11.1.22

Matemática avençada

Black Country, New Road, “Concorde”, in https://www.youtube.com/watch?v=yjC4qXiBRu4

Uns regentes por aí, que adoram jogar com as estatísticas. Gostam quando torcem tanto o braço aos números que, por fim – e com a indulgência da turba amestrada ou suficientemente anestesiada –, os números falam aquilo que eles querem que seja falado.

Não se trata de matemática avançada. Todo o seu contrário: ele há tanta manipulação, tanta ocultação de dados, todo o cenário ensimesmado que recusa comparações (que serviriam de desmentido das loas que os regentes e seu séquito tecem), que desta matemática se dirá ser uma matemática distorcida. Uma matemática avençada, pois está de avença tomada ao ser obrigada a falar uns números que serão ornamento da mensagem que pretendem apregoar.

A matemática avençada é prima próxima da má engenharia. A que se indispõe nos cálculos e arrepia caminho a estruturas que tremem ao primeiro abalo sísmico, podendo desabar como sinal da inépcia dos seus autores. A culpa sobrará sempre para o sismo, não para quem não soube acautelar as suas consequências. São terríveis, as consequências da matemática avençada. Se a audiência estiver distraída, ou se for suficientemente amestrada, não será muito diferente de ir a uma feira e comprar ao feirante bem-falante e espalha-brasas mercadoria que, saber-se-á pouco depois, é contrafação. Talvez as pessoas se satisfaçam com contrafação. Estão no seu legítimo direito. Não se estranhe a confusão entre matemática avançada e matemática avençada. Não saberão distingui-las. A matemática oferecida pelos regentes será tomada como matemática avançada. Nem que seja a prova irrefutável do atraso que se condensa na urdidura do tempo, contra a anestesia dos súbditos.
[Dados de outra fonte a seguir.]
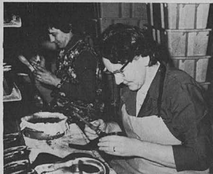
Ali bo dobro držalo?
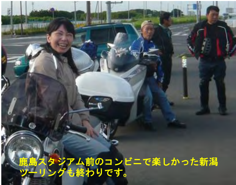
鹿島スタジアム前のコンビニで楽しかった新潟 ツーリングも終わりです。
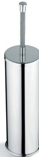
ACCDXV40007CR Porta scopino wc appoggio Free Standing Toilet Brush & Brass Holder
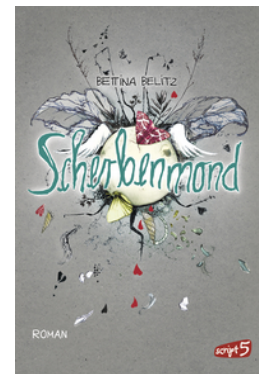
Splitterherz – Scherbenmond
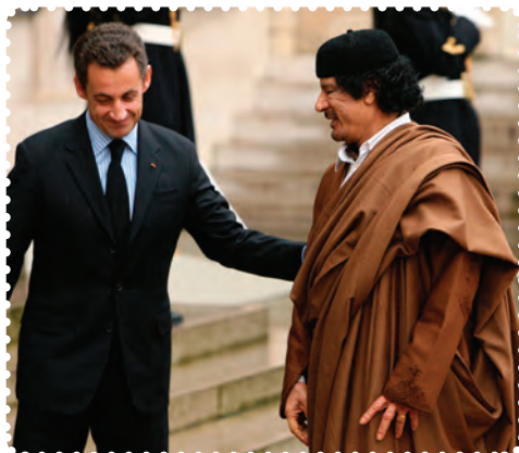
قذافی و سارکوزی رئیس جمهور پیشین فرانسه

پ) بیداری اسلامی در لیبی: کشور اسلامی لیبی در شمال آفریقا واقع شده است. حکومت لیبی به رغم داشتن شالوده‌های اولیه اسلامی، دارای نوعی ایدئولوژی سیاسی سکولار مبتنی بر پان عربیسم بود. سرهنگ معمر قذافی دیکتاتور لیبی، اسلام را ابزاری برای اجرای منویات خود می‌دانست. با بالا گرفتن قیام مردم لیبی، قذافی در نخستین واکنش، قیام‌کنندگان را مشی جوان وابسته به القاعده و مصرف‌کنندگان قرص‌های روان‌گردان توصیف کرد. با ورود ناتو در مسئله لیبی کفه قدرت به نفع مخالفان قذافی سنگینی کرد. سرانجام پس از ماه‌ها درگیری نظامی با سقوط طرابلس، حکومت قذافی سرنگون و خود او کشته شد. نکته جالب در مورد قذافی این است که وضعیت او بیش از هر دیکتاتوری به صدام شبیه بود.
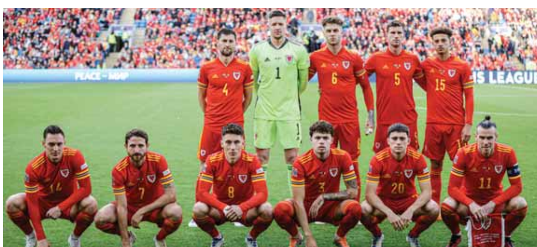
عميد لاعبيها كريس غونتر بـ١٠٩ مباريات وهدافها التاريخي غاريث بيل برصيد ٤٠ هدفاً وكلامها حاضر في النهائيات.
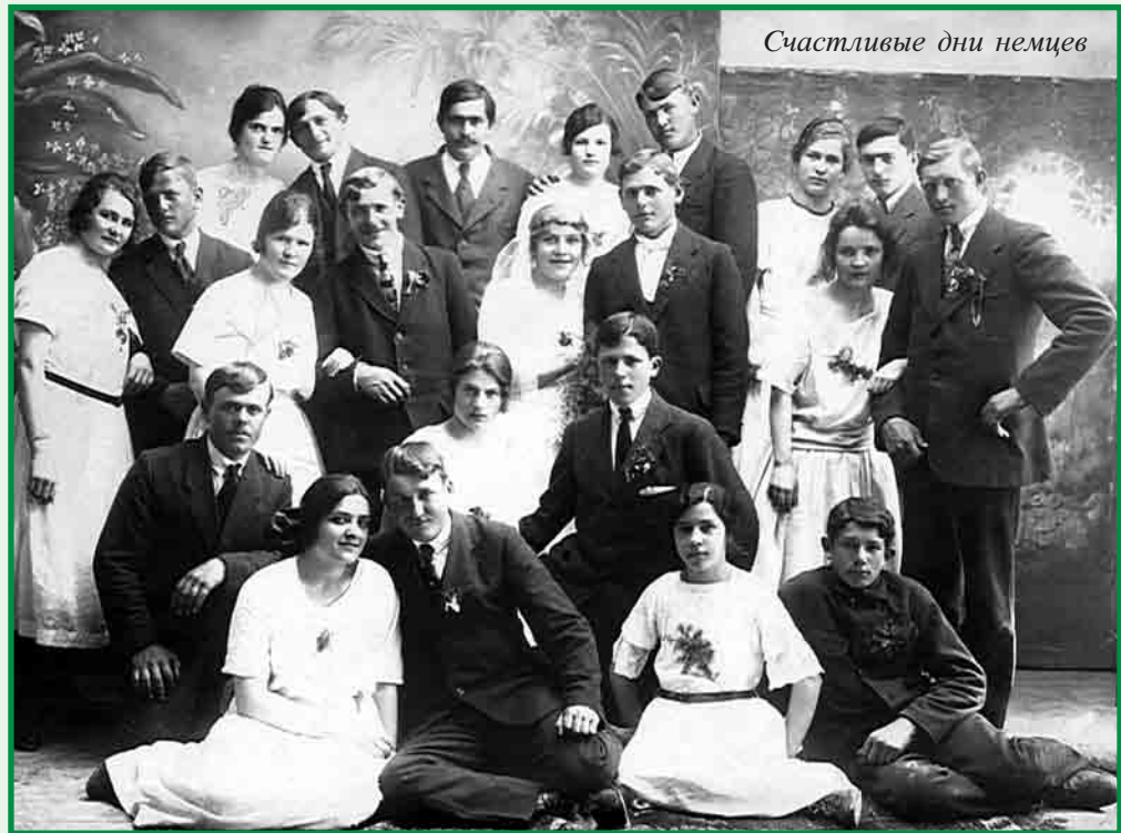
Счастливые дни немцев

Колонии представляли собой замкнутое экономическое и культурное пространство без административно-территориального деления. Повседневная жизнь в колонии проходила в соответствии с укладом жизни в
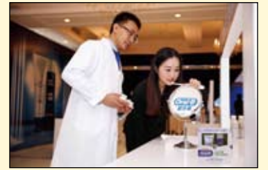
与会者现场体验欧乐B洁齿护龈家用双管套装

管套装，突破性地将深层清洁与后续修护的活性成分独立封存于两管中。使专业护龈成分可以释放更有效的活性因子，到达难刷部位，深层洁净；并能形成保护膜，实现1+1大于2的效果。
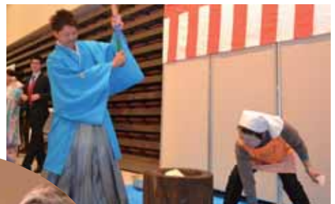
↑粘り強い大人に ←成人証の授与
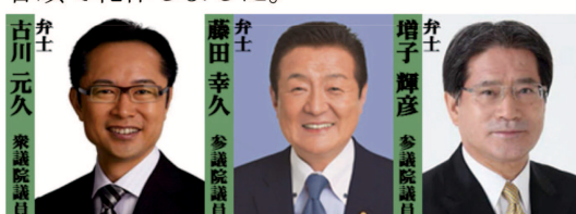
古川元久 衆議院議員
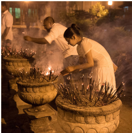
Traditionelle Zeremonie in Kandy, Sri Lanka
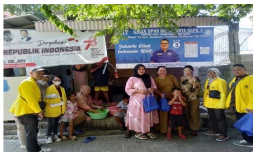
Gambar 1. Penyuluhan Sanitasi Hygiene

Pada sesi pertama, fokus diberikan pada aspek sanitasi hygiene dengan tujuan memberikan pemahaman komprehensif kepada masyarakat setempat. Materi yang disampaikan mencakup definisi, karakteristik, proses, penyebab, pengaruh, serta prosedur pencegahan terkait sanitasi dan kebersihan. Metode evaluasi yang diterapkan berupa pengisian kuesioner sebelum dan sesudah penyuluhan menunjukkan hasil yang sangat positif. Dari 20 responden yang berpartisipasi, terjadi peningkatan signifikan dalam tingkat pengetahuan peserta tentang bahaya sanitasi hygiene, dari 50% sebelum penyuluhan menjadi 85% setelahnya. Peningkatan sebesar 35% ini mengindikasikan efektivitas penyuluhan dalam mentransfer pengetahuan dan meningkatkan kesadaran masyarakat.
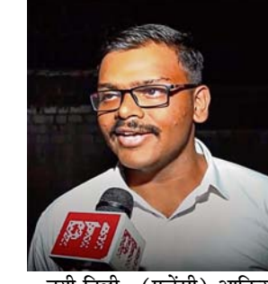
नयी दिल्ली, (एजेंसी) आदित्य

आदित्य शीर्ष पर, अनिमेष को दूसरा व अनन्या रेड्डी को तीसरा स्थान
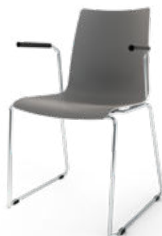
Modell 1530/A: Kunststoff, ungepolstert

Como ser acrítico faz escola – nada melhor do que a bovinidade instalada para não haver questionamentos incómodos –, a matemática avençada não é entendida como tal. São uns lampejos acendidos pelos números que interessam, sem procurar indagar se outros números não servem de contraditório. O que conta é o primeiro número servido pelos néones dos cartazes que encimam praças e rotundas. O número que interessa servir no prato arrefecido da população diligentemente hibernada. Mas os regentes anunciam, pomposamente, que já não trazemos à lapela a mácula da iliteracia. Eles precisam de anunciar uma realidade que seria desmentida se a matemática não fosse avençada. Sobrevivem porque constroem cenários idílicos, sem correspondência com o chão que pisamos.

O grande logro espalha-se de uma extremidade à outra do lugar. Um vírus silencioso que deixa os desatentos observadores na posição de seguidores acríticos do estado de coisas que os compromete a arrastarem-se num atraso irremediável. Com o beneplácito de quem aplaude estruturalmente regentes desta cepa.